The Most Hotly Contested Points on Climate Change

After months of contentious debates over gun control, immigration and political scandals, President Barack Obama is finally turning his attention to another hot topic that isn’t cooling off any time soon: climate change.

In a video released over the weekend, Obama said he will deliver a speech on Tuesday to outline a “national plan to reduce carbon pollution, prepare our country for the impacts of climate change and lead global efforts to fight it.”

Obama said there is no silver bullet to solve the effects of climate change, which couldn't be more true considering the complexity of the issue. Here are some of the most debated aspects of climate change:


Global Warming - Is It Real?

NASA, the United Nations and the Environmental Protection Agency cite a large body of evidence to prove that the earth's temperature is indeed rising, and so are sea levels and the ocean's surface temperature.

“The current warming trend is of particular significance because most of it is very likely human-induced and proceeding at a rate that is unprecedented in the past 1,300 years,” according to NASA’s website.

A Pew survey says 69 percent of Americans, meanwhile, believe the earth is getting warmer.

Still, a group of sixteen prominent scientists jumped in the fray when they signed a Wall Street Journal op-ed piece in 2012 in support of the belief that global warming is a farce.

“The lack of warming for more than a decade—indeed, the smaller-than-predicted warming over the 22 years since the U.N.'s Intergovernmental Panel on Climate Change began issuing projections—suggests that computer models have greatly exaggerated how much warming additional CO2 can cause,” reads the article.

Economists and politicians opposed to tackling climate change say it will costs jobs and hinder GDP growth.

So the Earth is Getting Warmer, But Why?

Of the 69 percent of Americans in the Pew survey who say they global warming is real, opinions are split on what is causing the earth's temperature to rise. Four in 10 blame it on human activity like burning fossil fuels, while 27 percent say it's due to natural variations in climate pattern. Another 27 percent say there is no evidence of any warming.

What are the Outcomes of Global Warming?

Scientists already know the earth's rising temperature is changing the weather and climate. This means more rainfall, floods, droughts and heat waves. But is it also the cause of the recent spate of tornadoes and unpredictable jet streams?

"Global warming may well end up making [tornadoes] more frequent or intense, as our intuition would tell us," wrote Robert Kunzig for National Geographic. "But it might also actually suppress them—the science just isn't clear yet."

There is no evidence that tornadoes are happening more frequently and  data shows that the increase is only in the weakest category of twisters, Kunzig said.

As for those "wobbly" jet streams hovering over the earth and wreaking havoc on the weather, some experts say it's a possible effect of climate change, while others disagree.

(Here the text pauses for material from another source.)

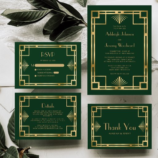 Vintage 1920s Green Gold Deco Frame Wedding SuiteOntworpen door Akhates Designs

"It’s been just a crazy fall and winter and spring all along, following a very abnormal sea ice condition in the Arctic,’’ Rutgers University climate expert Jennifer Francis told The Associated Press. ‘‘It’s possible what we’re seeing in this unusual weather is all connected.’’

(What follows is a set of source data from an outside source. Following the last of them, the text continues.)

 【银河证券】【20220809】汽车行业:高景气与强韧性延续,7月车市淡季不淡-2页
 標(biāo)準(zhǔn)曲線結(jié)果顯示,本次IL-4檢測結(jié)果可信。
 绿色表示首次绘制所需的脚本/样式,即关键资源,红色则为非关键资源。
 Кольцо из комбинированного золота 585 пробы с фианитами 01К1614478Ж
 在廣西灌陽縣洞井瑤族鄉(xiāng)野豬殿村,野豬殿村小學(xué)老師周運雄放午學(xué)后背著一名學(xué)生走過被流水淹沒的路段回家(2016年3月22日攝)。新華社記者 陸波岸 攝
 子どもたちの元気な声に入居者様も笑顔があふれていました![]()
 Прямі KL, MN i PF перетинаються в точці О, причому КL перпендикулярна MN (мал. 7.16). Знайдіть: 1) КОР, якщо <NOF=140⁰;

Reducing Carbon Emissions - A Smorgasbord of Options

The most economically efficient way to curb greenhouse gas is by taxing the pollutant. But trying to get Congress to agree to a tax hike is a nonstarter.

“Obama can’t count on Congress to institute any such tax in the near term,” said climate policy expert Nathan Hultman in a Brookings Institute blog post. “As such, he has been looking for other ways to improve, through regulation, the efficiency of parts of the U.S. economy and to expand low-emission sources of energy supply.”

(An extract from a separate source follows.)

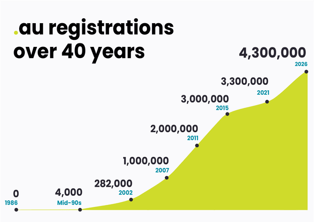 As digital technologies have transformed our lives, .au has supported Australians and Australian businesses with a trusted, recognisable online identity. In 2026, four decades since its introduction, .au is more important than ever, providing a stable foundation for innovation and emerging technologies to support Australia’s digital future.

Some of those regulations, which Obama will unveil on Tuesday, include implementing stricter standards to reduce carbon emissions from power plants, regulating high greenhouse-effect gases, reduce methane emissions, development of renewable energy technologies, creating energy efficient appliances and investing in new technologies.


The Politics of Climate Change

Lawmakers have been focused on the economy, job creation, immigration and other issues that have forced climate change into the back burner. But in the wake of the recent spate of natural disasters like Hurricane Sandy and the Oklahoma tornadoes, climate change has been thrust back into the limelight, forcing Obama to make due on a promise he made in his second inaugural speech when he vowed to “respond to the threat of climate change, knowing that the failure to do so would betray our children and future generations.”

The Clean Air Act gives the president the authority to regulate greenhouse gases as air pollutants. New power plants will be easier to regulate, but this executive authority will be much more controversial for existing power plants, according to Steven Cohen, executive director at Columbia University’s Earth Institute. Power plants produce more than 40 percent of the country’s carbon emissions.

Obama wasn’t kidding when he called this a fight. Not only do scientists have to grapple with the earth’s warming temperature, the president himself has an uphill battle ahead with a government mired in partisan politics.

“Mr. Obama’s decision to use his executive authority to regulate utilities reflects a determination that he has no prospect of passing such sweeping policies through Congress,“ according to Peter Baker of The New York Times. But the move "may draw lawsuits and other challenges from industry and Republicans citing the economic costs,” he wrote.